Figure 3. The structure of the E178D selectivity filter mutant.

1. Top: Crystal structure overview of the wild‐type AB tetramer (PDBID 5BZB), view as in Fig 2A. Left: Difference (F_o–F_c) electron density map (mutant minus wild‐type) contoured at −2.5 σ and drawn as red mesh, plotted on the structure of the wild‐type (E178) protein, highlighting the consequences of the loss of the δ‐carbon atom from residue 178 in the E178D mutant. For reference, the locations of the sodium ion sites present in the wild‐type (E178) structure are depicted as cyan spheres. Both the structure and the ions are displayed as faded backgrounds so that the difference map can be seen more clearly. Right: Final refined 2F_o–F_c electron density map for the E178D mutant (PDBID 4X88), contoured at 1.5 σ and shown as grey mesh, with the sodium ions depicted as cyan spheres.

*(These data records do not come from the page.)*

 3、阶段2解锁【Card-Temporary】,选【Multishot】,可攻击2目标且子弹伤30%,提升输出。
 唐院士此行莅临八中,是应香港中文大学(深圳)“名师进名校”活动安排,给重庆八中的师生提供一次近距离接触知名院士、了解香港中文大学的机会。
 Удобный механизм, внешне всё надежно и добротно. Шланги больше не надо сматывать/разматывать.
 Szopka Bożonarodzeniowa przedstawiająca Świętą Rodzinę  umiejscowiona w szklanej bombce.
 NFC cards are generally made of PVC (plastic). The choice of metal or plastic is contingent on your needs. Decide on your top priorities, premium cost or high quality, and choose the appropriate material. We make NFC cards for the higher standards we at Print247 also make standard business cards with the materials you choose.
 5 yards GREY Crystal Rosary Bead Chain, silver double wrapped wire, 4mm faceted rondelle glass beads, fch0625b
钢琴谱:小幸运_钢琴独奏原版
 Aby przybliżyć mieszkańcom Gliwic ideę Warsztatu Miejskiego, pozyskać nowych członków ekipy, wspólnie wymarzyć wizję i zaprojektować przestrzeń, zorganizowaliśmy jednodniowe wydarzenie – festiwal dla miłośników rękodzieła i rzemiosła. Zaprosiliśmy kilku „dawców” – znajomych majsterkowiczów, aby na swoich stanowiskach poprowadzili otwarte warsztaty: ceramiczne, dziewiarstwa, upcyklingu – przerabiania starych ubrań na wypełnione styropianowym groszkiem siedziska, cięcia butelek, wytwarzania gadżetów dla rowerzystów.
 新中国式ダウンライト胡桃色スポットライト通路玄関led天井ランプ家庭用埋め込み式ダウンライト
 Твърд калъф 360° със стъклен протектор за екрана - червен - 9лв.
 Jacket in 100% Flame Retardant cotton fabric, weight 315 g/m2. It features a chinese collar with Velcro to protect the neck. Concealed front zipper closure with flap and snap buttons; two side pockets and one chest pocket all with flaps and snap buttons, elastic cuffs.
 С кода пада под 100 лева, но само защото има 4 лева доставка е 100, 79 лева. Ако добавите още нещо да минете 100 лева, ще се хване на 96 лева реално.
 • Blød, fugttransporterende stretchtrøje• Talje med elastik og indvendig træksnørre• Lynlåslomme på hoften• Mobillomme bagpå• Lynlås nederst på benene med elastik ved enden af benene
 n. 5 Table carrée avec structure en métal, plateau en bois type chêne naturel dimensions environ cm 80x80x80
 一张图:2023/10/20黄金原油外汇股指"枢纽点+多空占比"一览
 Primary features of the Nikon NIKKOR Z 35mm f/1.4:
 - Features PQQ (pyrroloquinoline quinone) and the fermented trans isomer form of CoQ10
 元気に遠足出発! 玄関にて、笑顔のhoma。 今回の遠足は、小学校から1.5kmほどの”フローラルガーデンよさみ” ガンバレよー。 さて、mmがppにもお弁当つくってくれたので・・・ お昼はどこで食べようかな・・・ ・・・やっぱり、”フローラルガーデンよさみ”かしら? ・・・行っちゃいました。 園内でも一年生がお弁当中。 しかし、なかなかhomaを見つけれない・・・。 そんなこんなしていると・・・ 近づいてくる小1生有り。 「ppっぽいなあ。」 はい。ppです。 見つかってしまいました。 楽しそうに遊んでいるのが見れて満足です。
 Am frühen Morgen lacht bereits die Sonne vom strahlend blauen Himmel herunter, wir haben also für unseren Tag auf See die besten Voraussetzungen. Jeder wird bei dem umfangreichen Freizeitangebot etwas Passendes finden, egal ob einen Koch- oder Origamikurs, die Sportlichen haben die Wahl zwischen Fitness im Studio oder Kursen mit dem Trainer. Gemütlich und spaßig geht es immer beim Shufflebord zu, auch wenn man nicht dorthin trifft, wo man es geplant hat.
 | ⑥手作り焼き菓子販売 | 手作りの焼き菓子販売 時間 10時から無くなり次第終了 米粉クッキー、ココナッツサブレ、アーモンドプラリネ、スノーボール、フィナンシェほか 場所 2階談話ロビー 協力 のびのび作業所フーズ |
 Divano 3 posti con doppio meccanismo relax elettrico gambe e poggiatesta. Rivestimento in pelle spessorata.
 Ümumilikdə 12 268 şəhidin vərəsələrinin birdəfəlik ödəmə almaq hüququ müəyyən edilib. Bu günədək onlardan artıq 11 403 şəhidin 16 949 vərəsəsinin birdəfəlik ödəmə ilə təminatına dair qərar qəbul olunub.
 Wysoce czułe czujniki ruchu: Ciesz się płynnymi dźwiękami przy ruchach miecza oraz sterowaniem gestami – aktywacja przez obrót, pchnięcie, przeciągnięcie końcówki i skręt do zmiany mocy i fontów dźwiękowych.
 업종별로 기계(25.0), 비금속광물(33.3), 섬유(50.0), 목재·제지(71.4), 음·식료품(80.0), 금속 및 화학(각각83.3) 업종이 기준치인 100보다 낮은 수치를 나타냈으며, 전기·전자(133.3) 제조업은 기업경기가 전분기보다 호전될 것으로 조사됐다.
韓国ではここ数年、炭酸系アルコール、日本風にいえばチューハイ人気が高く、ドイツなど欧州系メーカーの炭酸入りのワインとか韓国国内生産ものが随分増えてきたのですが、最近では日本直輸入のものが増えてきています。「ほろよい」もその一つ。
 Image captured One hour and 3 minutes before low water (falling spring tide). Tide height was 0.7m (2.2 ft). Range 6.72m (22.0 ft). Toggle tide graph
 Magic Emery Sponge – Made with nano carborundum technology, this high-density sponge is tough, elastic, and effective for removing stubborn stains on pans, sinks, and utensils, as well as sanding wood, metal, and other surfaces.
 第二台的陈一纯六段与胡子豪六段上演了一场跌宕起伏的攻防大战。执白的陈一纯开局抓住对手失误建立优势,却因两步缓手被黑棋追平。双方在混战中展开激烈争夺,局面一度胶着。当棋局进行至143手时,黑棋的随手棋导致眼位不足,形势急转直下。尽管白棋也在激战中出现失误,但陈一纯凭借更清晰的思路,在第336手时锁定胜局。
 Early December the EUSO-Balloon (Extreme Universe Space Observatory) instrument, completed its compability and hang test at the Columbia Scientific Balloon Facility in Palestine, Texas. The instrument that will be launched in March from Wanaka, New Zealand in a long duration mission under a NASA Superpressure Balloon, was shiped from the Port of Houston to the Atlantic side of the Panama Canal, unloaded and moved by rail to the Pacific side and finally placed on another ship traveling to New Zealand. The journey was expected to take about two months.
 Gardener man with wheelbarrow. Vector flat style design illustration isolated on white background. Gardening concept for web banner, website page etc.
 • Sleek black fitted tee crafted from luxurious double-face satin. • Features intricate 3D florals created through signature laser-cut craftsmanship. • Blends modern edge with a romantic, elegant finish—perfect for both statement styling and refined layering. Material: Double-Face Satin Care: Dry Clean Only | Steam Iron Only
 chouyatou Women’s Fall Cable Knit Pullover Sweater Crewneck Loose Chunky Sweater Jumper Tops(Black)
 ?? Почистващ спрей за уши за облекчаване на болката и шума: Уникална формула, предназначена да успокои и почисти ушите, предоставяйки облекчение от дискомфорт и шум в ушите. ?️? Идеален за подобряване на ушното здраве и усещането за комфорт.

2. Surface representations of (left) wild‐type NavMs pore and (right) the E178D mutant coloured by electrostatic charge calculated by APBSmem (Callenberg et al, 2010) and drawn with VMD (Humphrey et al, 1996), showing a slice through the middle of the tetramer. Sodium ions are shown as cyan spheres; only 2 are present in the mutant, instead of the 3 seen in the wild‐type, with the top sodium missing in the mutant. The lower panels are expanded views of the selectivity filter regions, with the E178 side chains depicted in yellow sticks and the location of the main chain nitrogen of residue 179 indicated by the black circle. The alteration in the protein structure caused by removal of the methylene group of E178 exposes a positive region of the polypeptide backbone adjacent to the site where the top sodium ion is located in the wild‐type protein; this likely contributes to why an equivalent sodium ion is not seen adjacent to this position in the mutant.